All weights ship as **fp16** in [`cp500/infon-extract`](https://huggingface.co/cp500/infon-extract)
(the sparse model under `sparse/`).

## Dependencies

`torch`, `tokenizers`, `safetensors`, `numpy`. Optional `huggingface_hub` (only to download from
the Hub; pass a local dir otherwise — e.g. weights baked into a Lambda image).

## Design notes

- **Torch-only, parity-proven.** The mDeBERTa encoder (disentangled attention) and the BERT SPLADE
  encoder are reimplemented in pure torch and gated bit-close against the reference implementation
  (`tests/test_parity.py` 9.5e-5, `tests/test_bert_parity.py` 1e-5).
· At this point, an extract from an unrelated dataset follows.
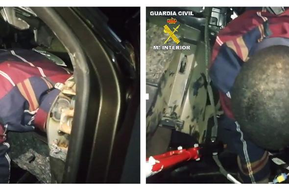 El instituto armado llevó a cabo entonces la fiscalización del vehículo mediante un equipo detector de latidos, que dio dos veces positivo, lo que conllevó a un registro exhaustivo que permitió hallar un doble fondo practicado en el salpicadero, en cuyo interior había un migrante adulto de origen subsahariano en posición fetal y totalmente inmóvil.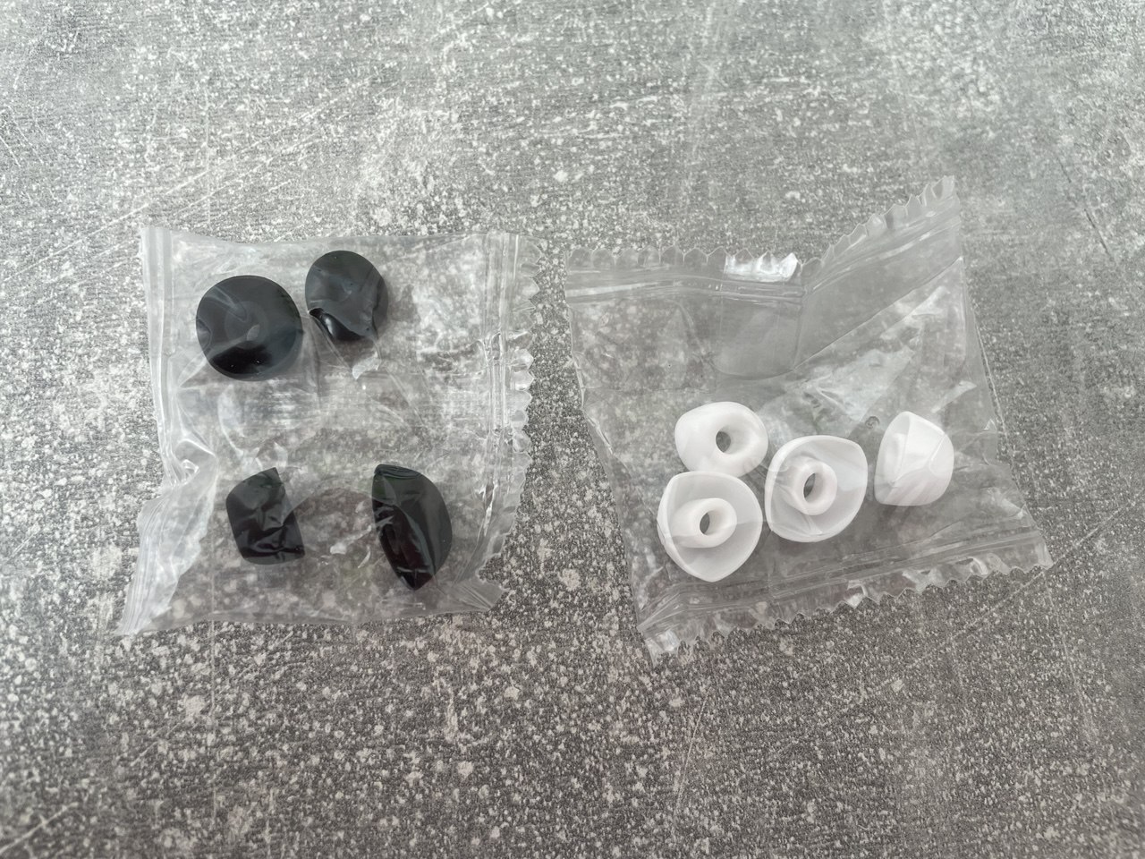 Внутри упаковки наушники и кейс надежно зафиксированы в поролоновом лотке, а дополнительные аксессуары аккуратно разложены по отдельным отсекам. Упаковка выглядит стильно и информативно, соответствуя ожиданиям покупателей в этом ценовом сегменте.

The full decode is gated
  against the reference implementation (`tests/test_decode_parity.py`, exact on EN/JA/KO).
- **CJK grounding.** A subword splitter + char-offset grounding make Japanese/Korean ground at
  100% (the base span-extraction architecture whitespace-splits and fails on spaceless CJK).
- **Precision vs recall, separated.** `extract()` applies an exact-span argmax filter (one
  canonical type per span, nesting preserved). The SPLADE head supplies the multi-label / implicit
  recall channel as `splade_terms` — feeding an inverted index, a SQL `splade_terms` side-table,
  and the term↔infon bipartite incidence a Sheaf GNN expands.
- **Triple-level grounding filter (on by default).** `extract()` / `extract_doc()` run a measured
  precision filter (`decode_filter.filter_infons`): it drops the predicates an adversarial
  grounding audit found ~95–100% non-grounded (`supplies`, `partner`, `competes_with` — the
  relation head fires them from the document theme, not the connecting clause), plus self-loops and
  non-entity (quantity/currency/spec) objects. On the audited set this lifts grounded precision
  29.5%→58% and cuts hallucination 16.7%→6% while retaining 93.5% of truly-grounded infons. Pass
  `filter_triples=False` for raw, unfiltered output.
- **fp16 only.** int8-dynamic was measured to *hurt* the extraction model (grounding 14→5 spans,
  and larger on disk because the embedding table stays fp32); fp16 is the shipped artifact.

## Consumer contract

`extract_doc()` returns the same `{"anchors","infons","stats"}` envelope, with each infon dict
carrying `subject / predicate / object / polarity(int) / mass{supports,refutes,theta} / span /
confidence / relation_type / tense / anchors`, so it is a drop-in for the downstream ingest
pipeline + Memgraph writer + MCTS/IKL readers. See `tests/test_consumer_contract.py`.

## License

Apache-2.0.